PFS=Progression-free survival, CRS=Cytoreductive surgery, HIPEC=Hyperthermic intraperitoneal chemotherapy, N/A=Not available

≈ only grade 3 morbidity

β mild and severe morbidity is given together

^ only the number of patients in the HIPEC group was taken into account

Δ including only the epithelial ovarian cancer patients who underwent CRS+HIPEC

However, the main limitations of the present study were its retrospective design, the small number of the patient cohort, and relatively short follow-up period. On the other hand, strengths of the study were that it was consisted mainly of platinum-resistant EOC patients and conducted in one center. In fact, conducting the study in a single center has been an advantage due to the establishment of the standard HIPEC protocol for each case.
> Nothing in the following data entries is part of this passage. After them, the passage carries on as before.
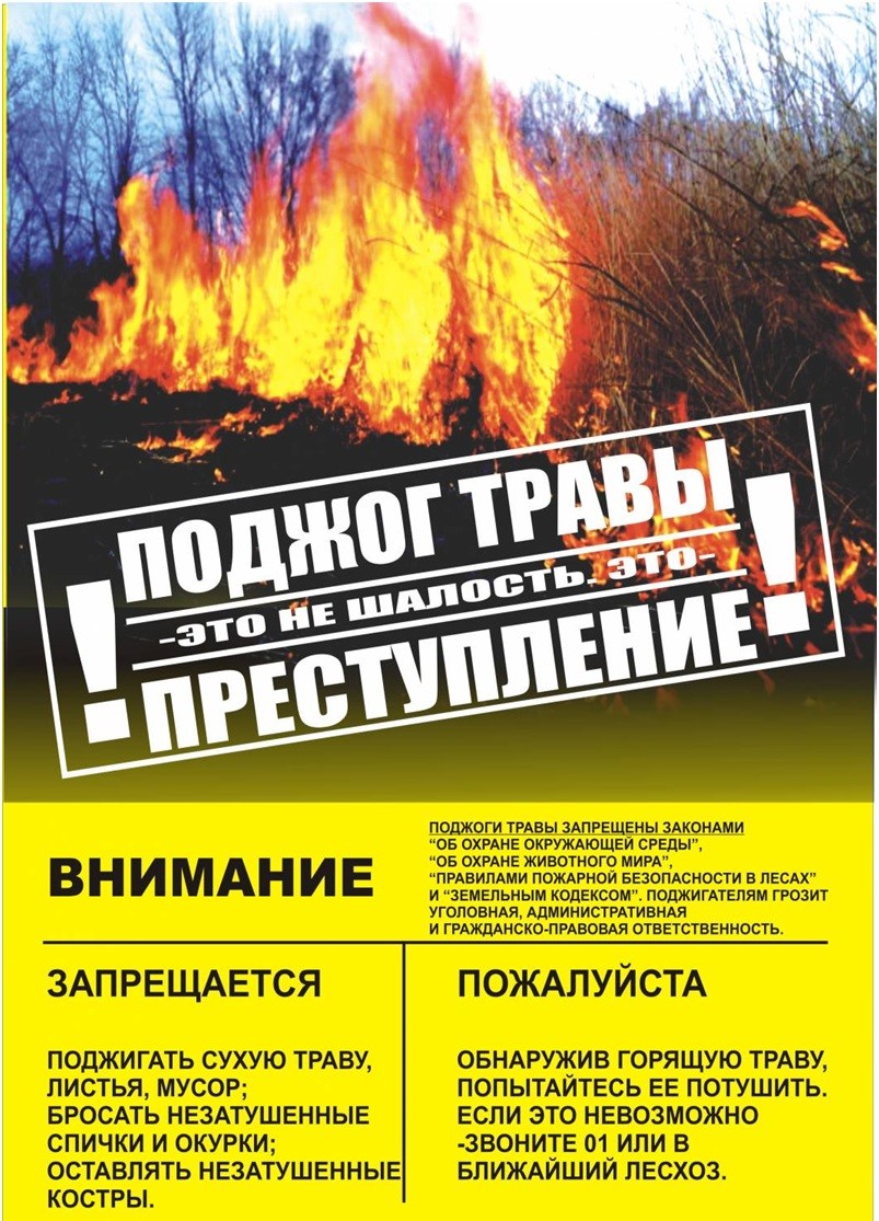 Под воздействием весеннего тепла повсеместно сходит снежный покров, обнажив высохшую прошлогоднюю траву. А это значит, что неосторожность с огнем в любой форме, будь то брошенный окурок или непотушенный полностью костер, представляет собой опасность.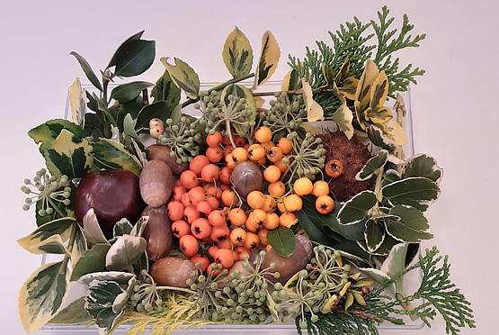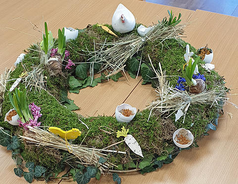 Eine Betreuungskraft hat mit den Bewohner*innen 2023 einen Osterkranz hergestellt und dabei überwiegend Naturmaterialien gewählt.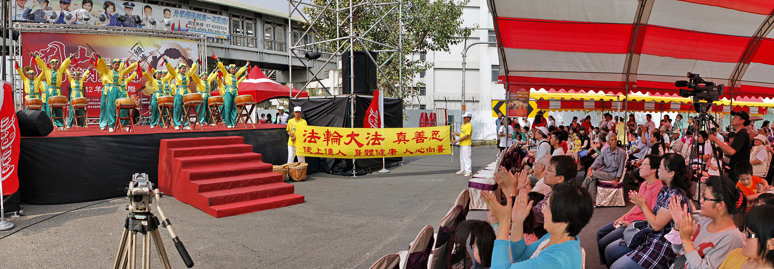 “二零一二冈山羊肉文化节”开幕,法轮功学员组成的唐鼓队演出
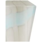 - Color/Finish: White with pale blue-gray drifts; polished nickel accents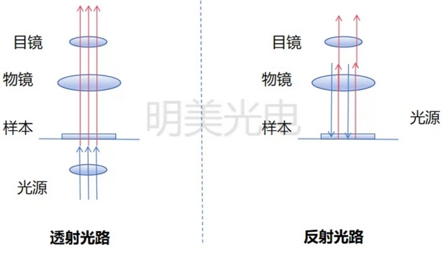 明场观察有透射照明和反射照明两种照明方式,前者是照明光线透过样品后进入物镜,主要适合有透明度的薄样品;后者是照明光线照射到样品后反射进入物镜,主要适合不透明的厚样品。

In conclusion, CRS+HIPEC might be administered in gynecological cancers with peritoneal spread, particularly in EOC. However, available data suggest that it is still early to consider HIPEC as an additional therapy to cytoreductive surgery in patients with EOC. In addition, the group of patients who will benefit the most through this treatment is still undefined. The present study was notable as it suggested that HIPEC administration during CRS was not associated with adverse outcomes in the platinum-resistant EOC cohort. In addition, patients with recurrent EOC who had no visible residual disease at the end of cytoreductive surgery, though not statistically significant, had longer OS. Finally, CRS+HIPEC procedures had acceptable severe morbidity and mortality rates. In this context, it is clear that large-scale randomized prospective studies are needed on the subject of HIPEC. The results of large-scale randomized phase III Italian HORSE (NCT01376752) and French CHIPOR (NCT01376752) studies evaluating HIPEC in patients with EOC are expected to be announced.